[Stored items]
====

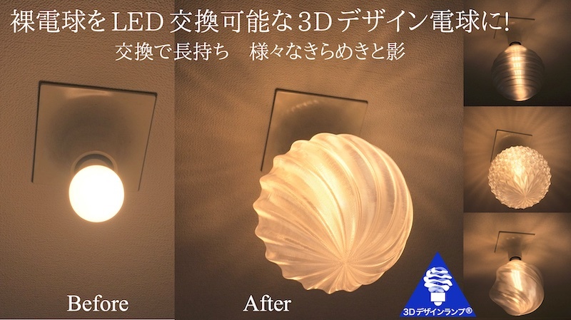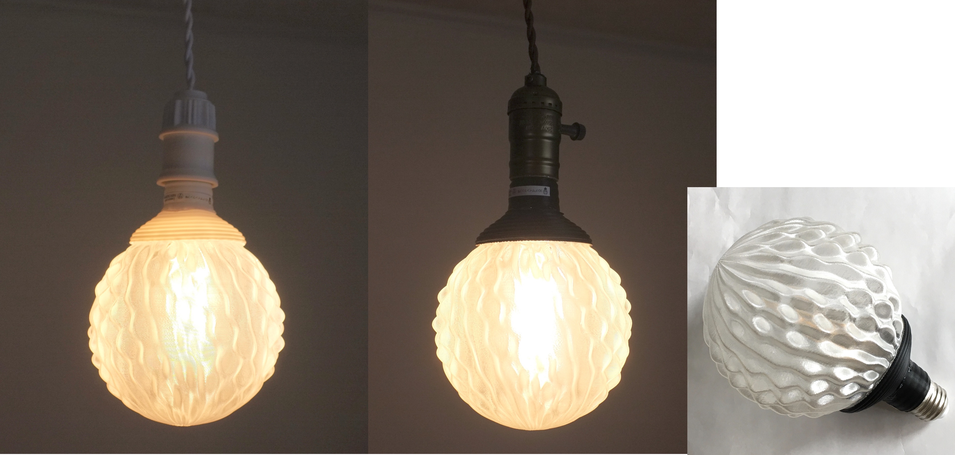 3Dデザイン電球は他社にまねのできない 3D 印刷シェードのきらめく光でご好評をいただいている裸電球です.この電球 IIng W はそれに加えて天井にできる影が魅力的なうえに,明るさや色があわないときや切れたときなどにも光源が交換できる高コスパの 3D デザイン電球です.従来の裸電球とちがってシェードごと捨てて交換する必要がなくなりました.
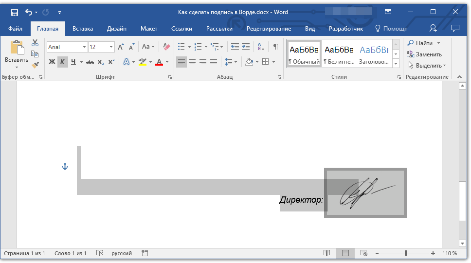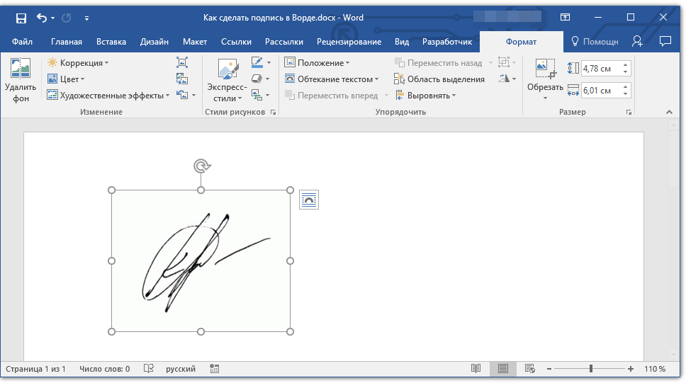 5. Переместите отсканированное, обрезанное и приведенное к необходимым размерам изображение с подписью в нужное место документа.
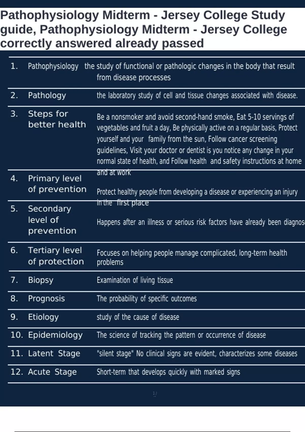 guide, Pathophysiology Midterm - Jersey College
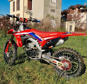Vendo per cambio cilindrata Honda CRF 250R 2020 redmoto ufficiale con 70 ore totali all'attivo, pistone con 10 ore! La moto è in ottime condizioni, sempre effettuato regolare manutenzione (filtro aria pulito ogni uscita e olio/filtro ogni 8 ore). È in perfette condizioni di utilizzo, sempre usata per divertimento e mai per gare. Recentemente sono stati eseguiti i seguenti lavori: -Pistone, candela e catena distribuzione sostituiti a 60 ore -Monoammortizzatore revisionato a 60 ore -Cuscinetti ruote sostituiti a 65 ore -Camera aria anteriore nuova -Pulizia e ingrassaggio cuscinetti sterzo Insieme alla moto cedo coppia di convogliatori originali e 4 filtri aria in ottime condizioni. Per qualsiasi informazione o foto aggiuntive non esitate a contattarmi. Prezzo non trattabile
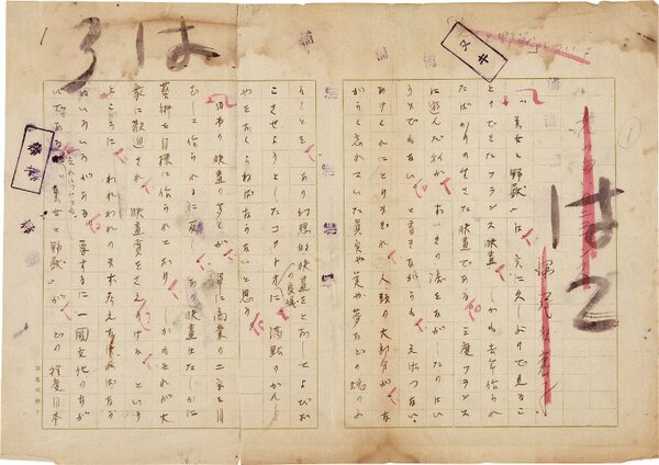 • 解説 『花の匂いのニュアンス』 ペン書 400字詰自家用箋3枚完 裁断 貼付 汚れ しみ 退色 新聞の入稿媒体として実際に使用された草稿。文選の効率を上げるため、裁断が必要になる。収集閲覧を目的として、作業後廃棄された紙片を仮止めした品物。(種別)随筆 #八木書店近代自筆物/1.草稿類 #95号近代文学特輯 95202437 ※自筆物につきましては、毎月25日前後に新蒐品を追加しております。PDF形式で御覧になりたい方は https://company.books-yagi.co.jp/archives/news/10928 を参照ください。
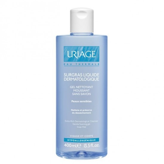 Le Surgras Liquide Dermatologique d’Uriage, gel moussant sans savon, nettoie sans agresser. Il respecte le film hydrolipidique et améliore le confort de la peau.
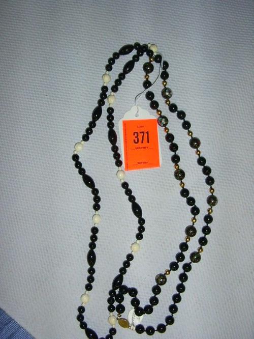 2 black onyx necklaces: 1 with cloisonne accents; 1 with carved bone accents
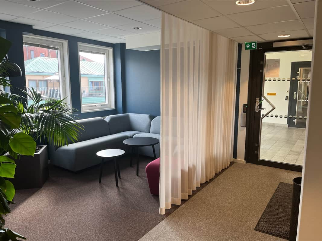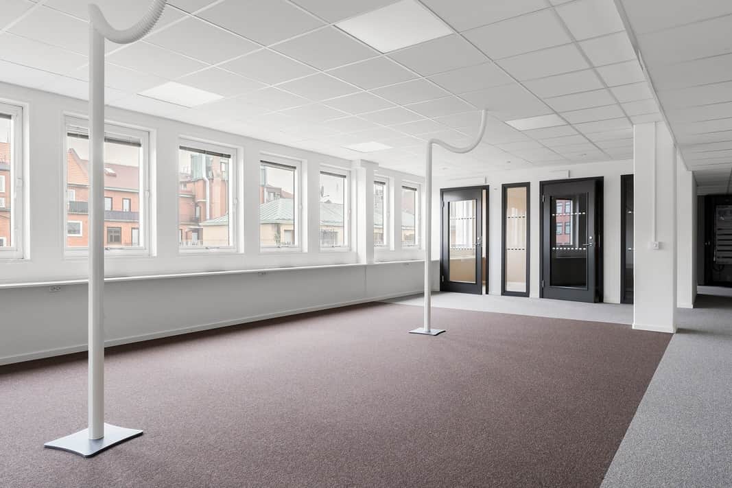 Toppmodern kontorslokal, strategiskt belägen mitt i stadens centrum. Här kan man arbeta ostört i ljusa lokaler med utsikt mot kyrkan och följa årstiderna utanför fönstret. Det finns alla möjligheter att skapa en inspirerande arbetsmiljö där alla kan trivas. Vid lokalanpassningar försöker vi alltid ha återbruk och hållbarhet i åtanke.
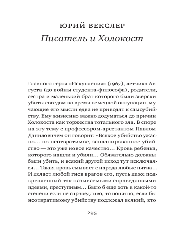 Серия: Проза еврейской жизни «Искупление» Фридриха Горенштейна — пример мастерского превращения сюжета для рассказа с классическим для драматургии единством места, времени и действия в компактный роман с философскими размышлениями о Холокосте и кинематографической яркостью деталей. |
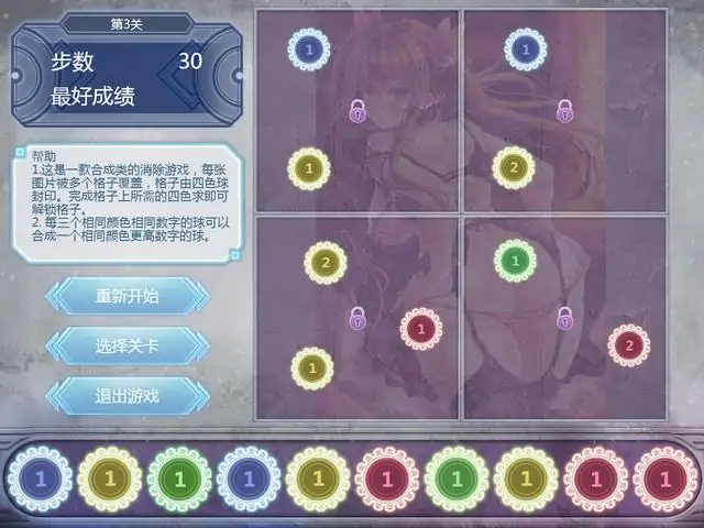 玩法介绍这是一款合成类的消除游戏,每张图片被多个格子覆盖,格子由四色球封印。完成格子上所需的四色球即可解锁格子。每三个相同颜色相同数字的球可以合成一个相同颜色更高数字的球。游戏介绍四色幻想是一款个人制作的休闲情色游戏,游戏中的美术及音乐资源并非原创。游戏包含了30个关卡,60个成就,难度适中,希望能让大家的儿子喜欢。彩蛋社保码:sonlovesthis
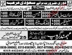 Site Civil Engineers, Mason, Shuttering Carpenters, Building Painters and Construction Labors are required in Saudi Arabia.

====

What is being asked: From the first line of the records through the line containing "Toppmodern kontorslokal, strategiskt", please output exactly those lines and nothing more, leaving out the pictures.

Task solution:
 3Dデザイン電球は他社にまねのできない 3D 印刷シェードのきらめく光でご好評をいただいている裸電球です.この電球 IIng W はそれに加えて天井にできる影が魅力的なうえに,明るさや色があわないときや切れたときなどにも光源が交換できる高コスパの 3D デザイン電球です.従来の裸電球とちがってシェードごと捨てて交換する必要がなくなりました.
 5. Переместите отсканированное, обрезанное и приведенное к необходимым размерам изображение с подписью в нужное место документа.
 guide, Pathophysiology Midterm - Jersey College
Vendo per cambio cilindrata Honda CRF 250R 2020 redmoto ufficiale con 70 ore totali all'attivo, pistone con 10 ore! La moto è in ottime condizioni, sempre effettuato regolare manutenzione (filtro aria pulito ogni uscita e olio/filtro ogni 8 ore). È in perfette condizioni di utilizzo, sempre usata per divertimento e mai per gare. Recentemente sono stati eseguiti i seguenti lavori: -Pistone, candela e catena distribuzione sostituiti a 60 ore -Monoammortizzatore revisionato a 60 ore -Cuscinetti ruote sostituiti a 65 ore -Camera aria anteriore nuova -Pulizia e ingrassaggio cuscinetti sterzo Insieme alla moto cedo coppia di convogliatori originali e 4 filtri aria in ottime condizioni. Per qualsiasi informazione o foto aggiuntive non esitate a contattarmi. Prezzo non trattabile
 • 解説 『花の匂いのニュアンス』 ペン書 400字詰自家用箋3枚完 裁断 貼付 汚れ しみ 退色 新聞の入稿媒体として実際に使用された草稿。文選の効率を上げるため、裁断が必要になる。収集閲覧を目的として、作業後廃棄された紙片を仮止めした品物。(種別)随筆 #八木書店近代自筆物/1.草稿類 #95号近代文学特輯 95202437 ※自筆物につきましては、毎月25日前後に新蒐品を追加しております。PDF形式で御覧になりたい方は https://company.books-yagi.co.jp/archives/news/10928 を参照ください。
 Le Surgras Liquide Dermatologique d’Uriage, gel moussant sans savon, nettoie sans agresser. Il respecte le film hydrolipidique et améliore le confort de la peau.
 2 black onyx necklaces: 1 with cloisonne accents; 1 with carved bone accents
 Toppmodern kontorslokal, strategiskt belägen mitt i stadens centrum. Här kan man arbeta ostört i ljusa lokaler med utsikt mot kyrkan och följa årstiderna utanför fönstret. Det finns alla möjligheter att skapa en inspirerande arbetsmiljö där alla kan trivas. Vid lokalanpassningar försöker vi alltid ha återbruk och hållbarhet i åtanke.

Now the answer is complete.